Home > marc > MARC and machine readability (revisited)

MARC and machine readability (revisited)

I had an epiphany yesterday. I had given a class on FRBR then listened to a GREAT session “Cataloging: Where are we now? Where are we going?” from the Texas State Library (possibly accessible here http://www.tsl.state.tx.us/ld/workshops/teleconferences/webcastsarchived.html or possibly you’ll need to order it http://www.tsl.state.tx.us/ld/workshops/teleconferences/videotapes.html) with Karen Coyle (excellent blog http://kcoyle.blogspot.com/) and Renee Register (OCLC Senior Product Manager) as presenters. A small bit discussed MARC…well, Karen discussed MARC. And I got it. I did. I totally understand.

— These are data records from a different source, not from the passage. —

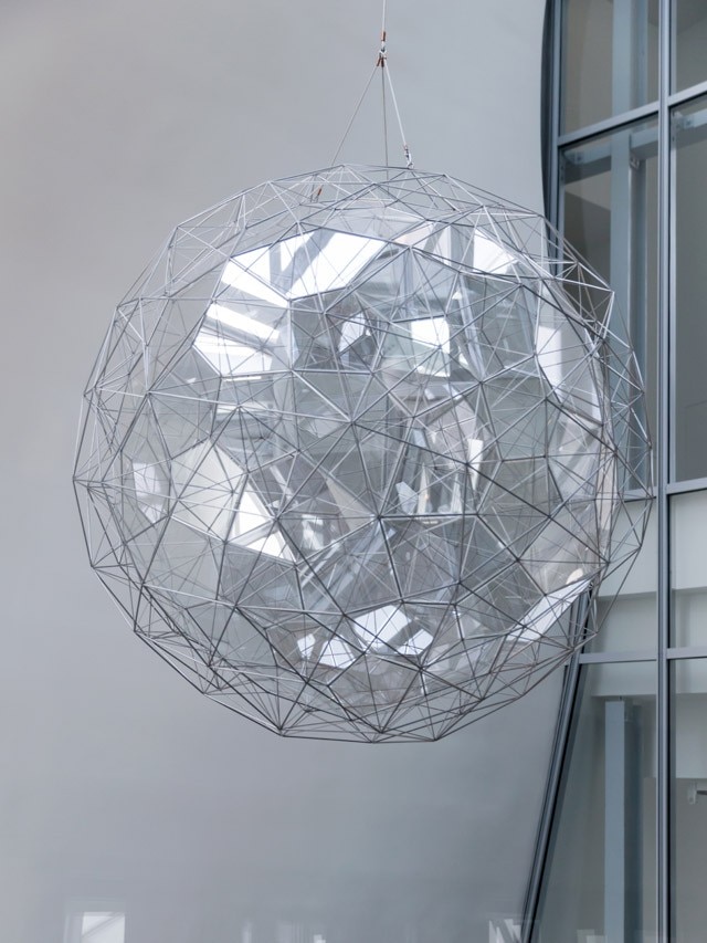 And so the eclipse is completed by an external circumnavigation of the grotto inside the horizon, where a sound installation by Samuli Kosminen and Eliasson himself echoes the sounds perceived within the exhibition. Again outside, in the search for an everlasting return, suspended in the heart of Gehry’s architecture is Dust particle, a glass sphere waiting for a tracer installed on the roof of the building to receive sunlight and intermittently to illuminate the museum hall. In the absence of that sunlight we can only seek consolation in the ecosustainable lamp named Little Sun, designed by Olafur Eliasson, a limited edition of which has been created for the occasion and is on sale in the museum shop.
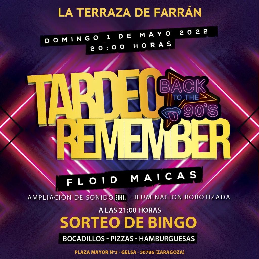 Nuestro locutor y dj del programa, @floidmaicas estará actuando éste próximo domingo 1 de Mayo a partir de las 20:00 horas en la localidad zaragozana de Gelsa con la mejor música de los 90s.
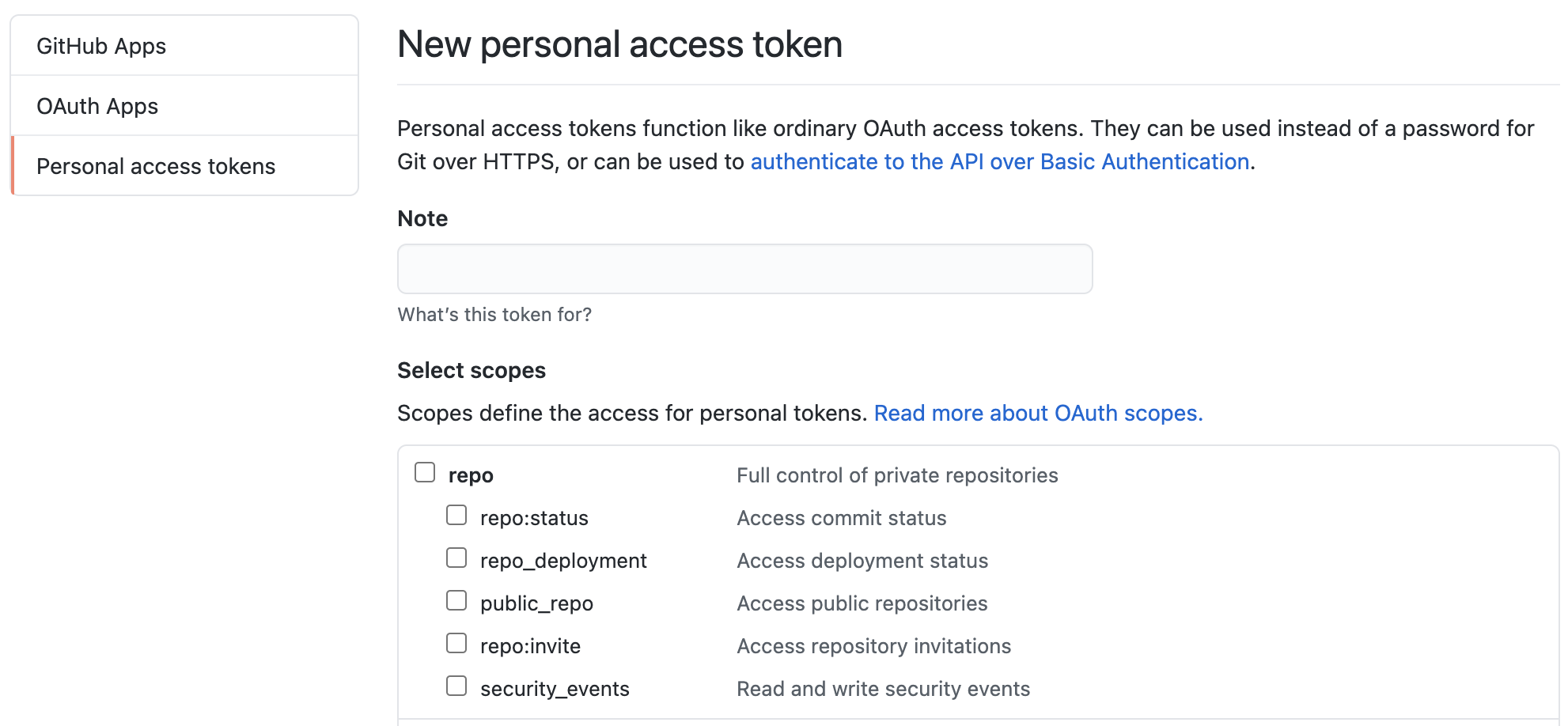 - Note 란에 원하는 이름을 작성하고, repo 체크박스를 체크한 뒤 Generate Token 버튼을 클릭한다.
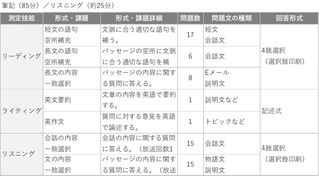 詳しくは英検の問題形式変更についてまとめた記事をご確認ください。
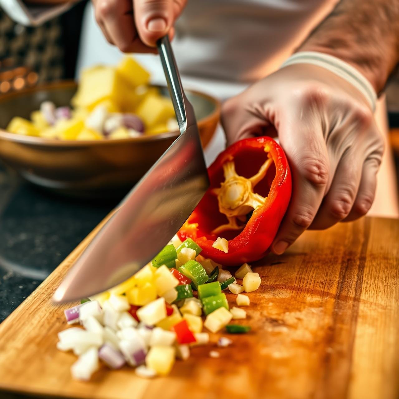 Follow these steps carefully to build layers of flavor and achieve the perfect texture. The key is in the uniformity of your dice and the patience to let the flavors marry.
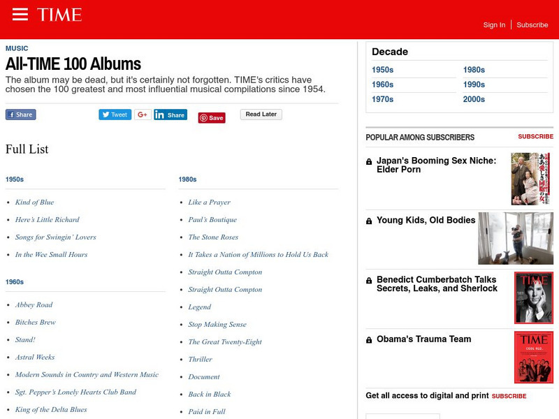A comprehensive list of the 100 most influential record albums. Each album can be clicked to provide information as to why it was chosen.
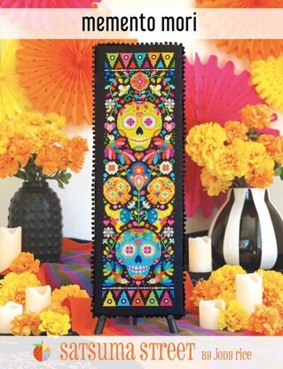 Cover is printed on heavy cardstock, this large color chart spans two 11” x 17” inserts. DMC floss codes, fabric suggestion included.
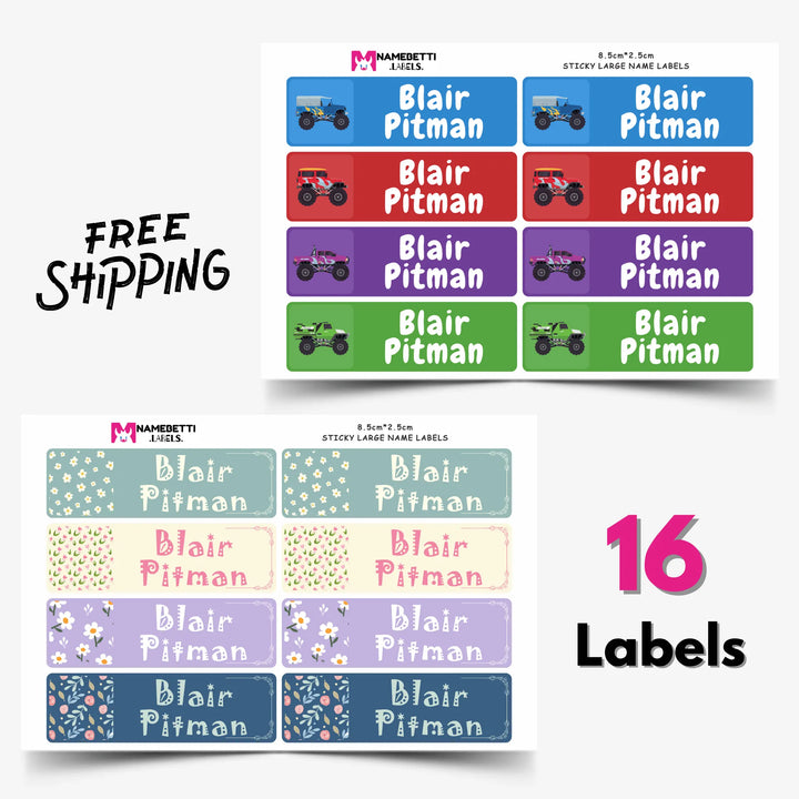 🌻 2 sheets - 8 Large Sticky Name Labels: 8.5cmX2.5cm (3.34"X0.98")

MARC is a machine readable format BUT it is heavily text driven. That is, there are tags and indicators and subfield codes nicely dividing MARC out but it is not enough!  I think Karen used the example of the 300 field, subfield a.  For a monograph format, the 300 subfield a is for pagination information. It may present thus:

300 _ _ $a xi, 567 p.

For us humans (especially us librarian-humans), we know this means the frontpiece is xi pages and the bulk of the book is 567 pages.  To the computer these are pretty, pretty symbols to display. It would be like me looking at hieroglyphs. Pretty, pretty pictures.

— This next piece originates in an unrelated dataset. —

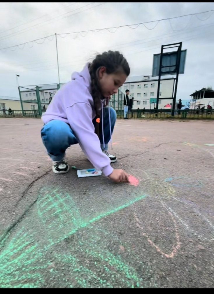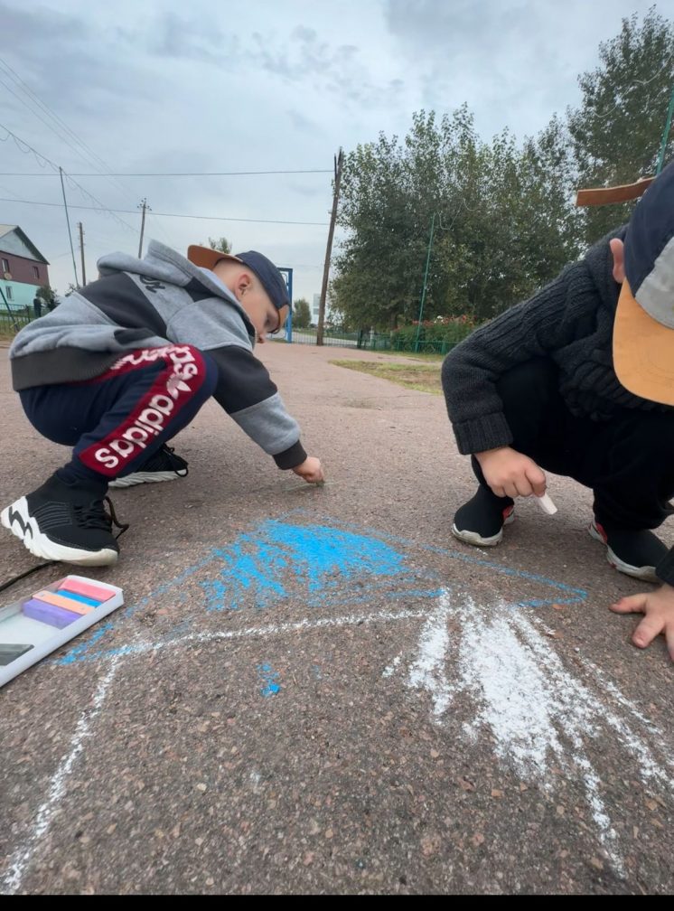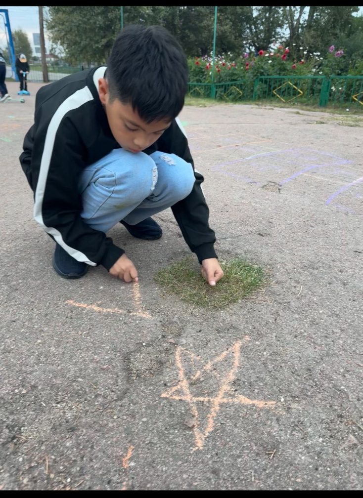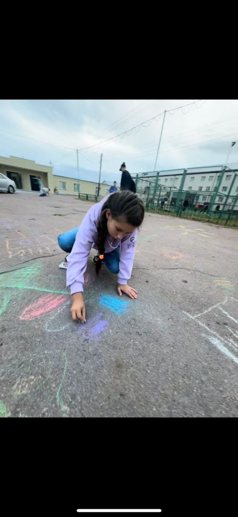 Асфальтта бормен сурет салу – қызықты және шығармашылық әрекет. Топтағы әр бала өзін суретші рөлінде сынап көрді: біреу гүл, біреу ертегі кейіпкерлерін, ал біреу жай ғана жарқын өрнектерді салды.
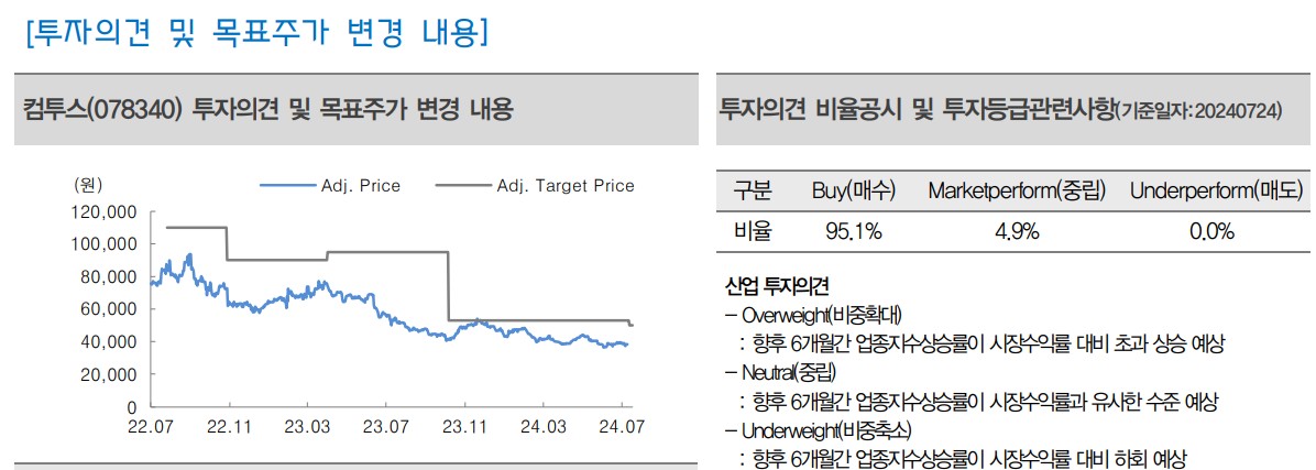 컴투스의 향후 주가 전망은 신작 게임의 성과에 크게 좌우될 것으로 보임. 특히, 2025년 출시 예정인 일본 프로야구 모바일 게임은 큰 기대를 받고 있으며, 성공 시 주가 상승의 주요 요인이 될 것임. 현재 주가는 다소 저평가된 상태로 보이며, 신작 게임의 성공 여부에 따라 주가가 크게 변동할 가능성이 있음. 따라서 투자자들은 신작 게임의 성과와 시장 반응을 주의 깊게 살펴볼 필요가 있음.

In order for the computer to understand, we need to parse this out even more. We need a field that is only numeric that allows input of ‘xi’ and another field for ’567′. Perhaps we label these as “front piece pagination (Roman numerals)” and “first pagination (Arabic numberals)” or whatever.  Then, we instruct the computer to index these fields as numerical and searchable by number range, etc.  This means when the fifth grader comes in looking for a book “about a historical figure” and containing “at least 50 pages” we could actually search on that field successfully! OMG. This would be awesome. Seriously. I am not being sarcastic, this would be great.

I can see great benefits to this. Parse it all out, make it all truly access points, completely searchable and able to limit to whatever field or just search particular fields, etc.

Can you imagine such a system? I can. It’s about time for it. Perhaps even a merger of the format standard and the rules for input <gasp>. Many catalogers (and most copy catalogers) are using what they see in MARC Bibliographic Records as what to do anyway (trust me, I do lots of teaching on basics and most are simply looking at what the records have and copying to the best of their ability but without understanding the why of it).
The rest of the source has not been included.